Напряжение внехудожественного, жизненного противоречия в творчестве Чехова все более и более нарастало. Актер с большим трудом, ценой громадных душевных усилий пытался удерживать равновесие. Это было тем более невыносимо, ибо актеру психоаналитического метода «удерживать» приходилось в себе. В чеховском Фрэзере трагизм и красота бытия сквозили в «маленькой, гаденькой душонке, алчном трусе, жалком неудачнике, делающемся вызывающе-наглым при первом же проблеске удачи»[743]. Актер разрешал оправдание героя лишь на пороге смерти, в страдании и страданием же. Однако вновь гуманистический пафос чеховского искусства своим необходимым основанием требовал крайнего ниспровержения героя. Двуединого звучания роли Чехов достигал вне эффектных внешних контрастов, украшений и сентиментальности. «Излучение красоты» в чеховском Фрэзере начиналось неожиданно. Средства внутренней психологической выразительности, которыми добивался Чехов просветления своего героя, представлялись необъяснимыми. «Вдруг появились у Фрэзера какие-то новые, раньше не бывшие, жесты, новые, раньше не слышные, интонации»[744]. Почти не меняя своей художнической палитры, Чехов в роли Фрэзера балансировал на грани мерзости и красоты, подлости и благородства.

Обострение противоречивости в жизни и творчестве М. Чехова было связано со страстным стремлением изжить ее, освободиться от разрывавшего душу крайнего напряжения. {275} Острота, однако, ни в коей мере не способствовала освобождению от вызывавшей ее причины.

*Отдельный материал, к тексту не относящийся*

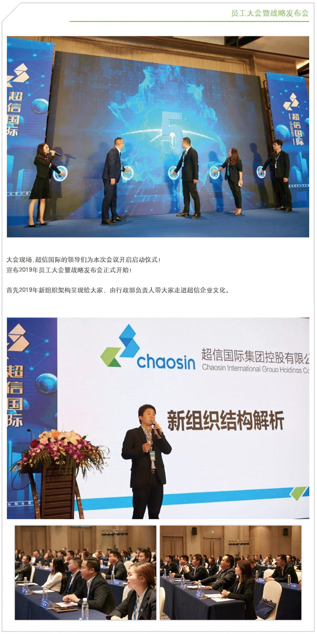 2019年4月26日,主題“繪藍圖,齊跨越,創輝煌”的超信國際員工大會暨戰略發布會在浙江安吉順利舉行,全體員工相聚在這里,拉開了大會的序幕。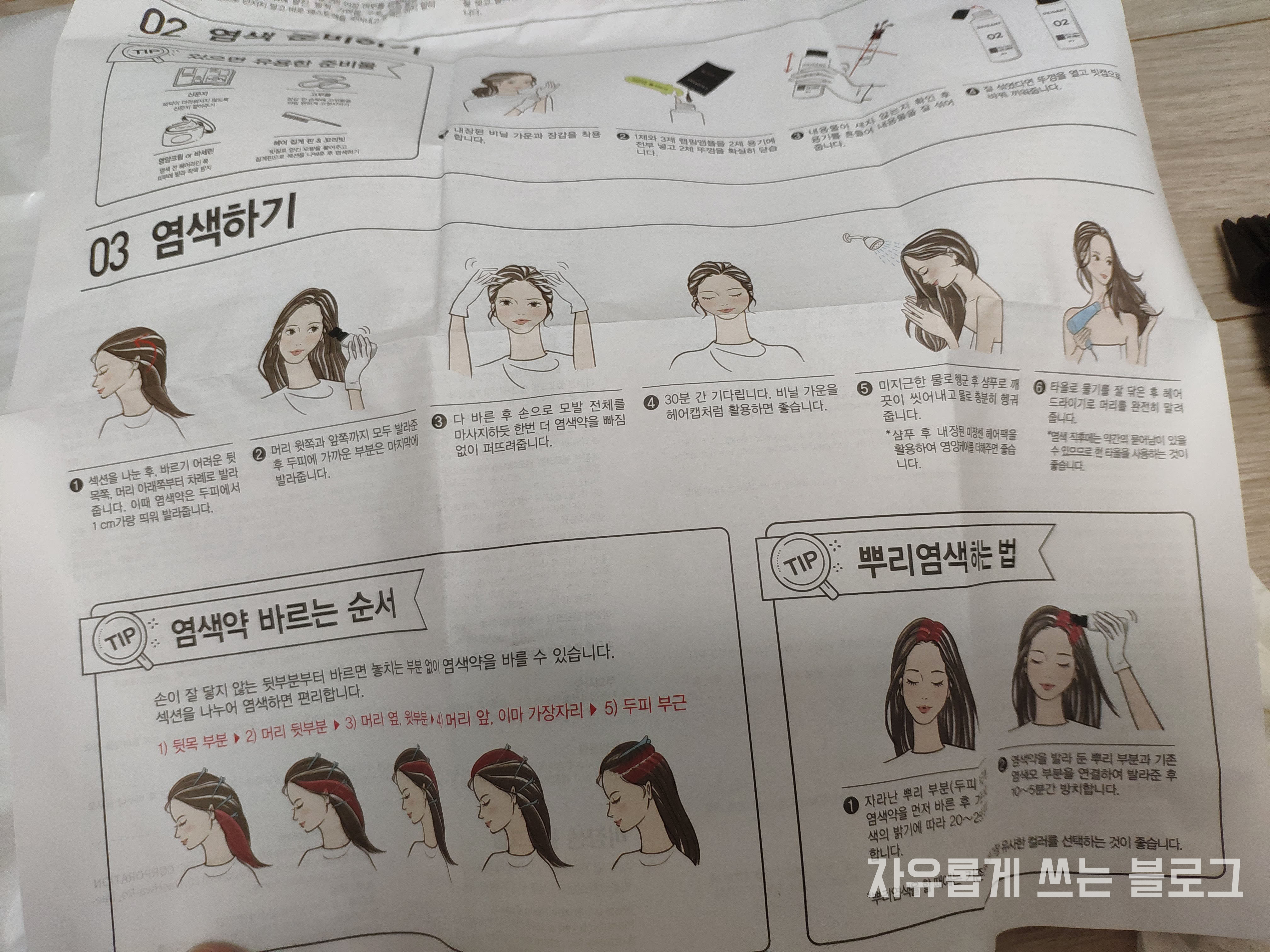 염색약 바르는 순서나 뿌리염색 하는법도 나와있길래 꼼꼼히 한번 읽어 보았습니다.ㅎㅎ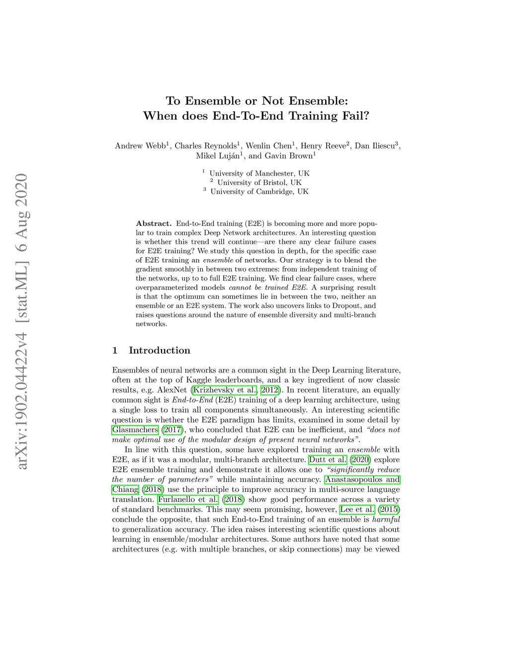End-to-End training (E2E) is becoming more and more popular to train complex Deep Network architectures. An interesting question is whether this trend will continue-are there any clear failure cases for E2E training? We study this question in depth, for the specific case of E2E training an ensemble of networks. Our strategy is to blend the gradient smoothly in between two extremes: from independent training of the networks, up to to full E2E training. We find clear failure cases, where over-parameterized models cannot be trained E2E. A surprising result is that the optimum can sometimes lie in between the two, neither an ensemble or an E2E system. The work also uncovers links to Dropout, and raises questions around the nature of ensemble diversity and multi-branch networks.

Усугубление психо-этической противоречивости в рамках психоаналитического исполнительского метода вело в тупик неизбежного и глубокого душевного кризиса, разразившегося в 1917 году. Осознание опасности пришло позднее, после ее преодоления: «… Я стремительно несся к душевному кризису, даже к нервной болезни, но теперь, миновав остроту опасного момента, я чувствую благодарность к судьбе за скорое, хотя и мучительное решение вопроса моей жизни»[745]. Решение это с неизбежностью коснулось и глубоких перемен в творчестве актера. М. Чехов вырвался из замкнутого круга психоаналитической системы. Последней его предкризисной ролью стал Фрэзер, несомненно ускоривший чеховский «исход».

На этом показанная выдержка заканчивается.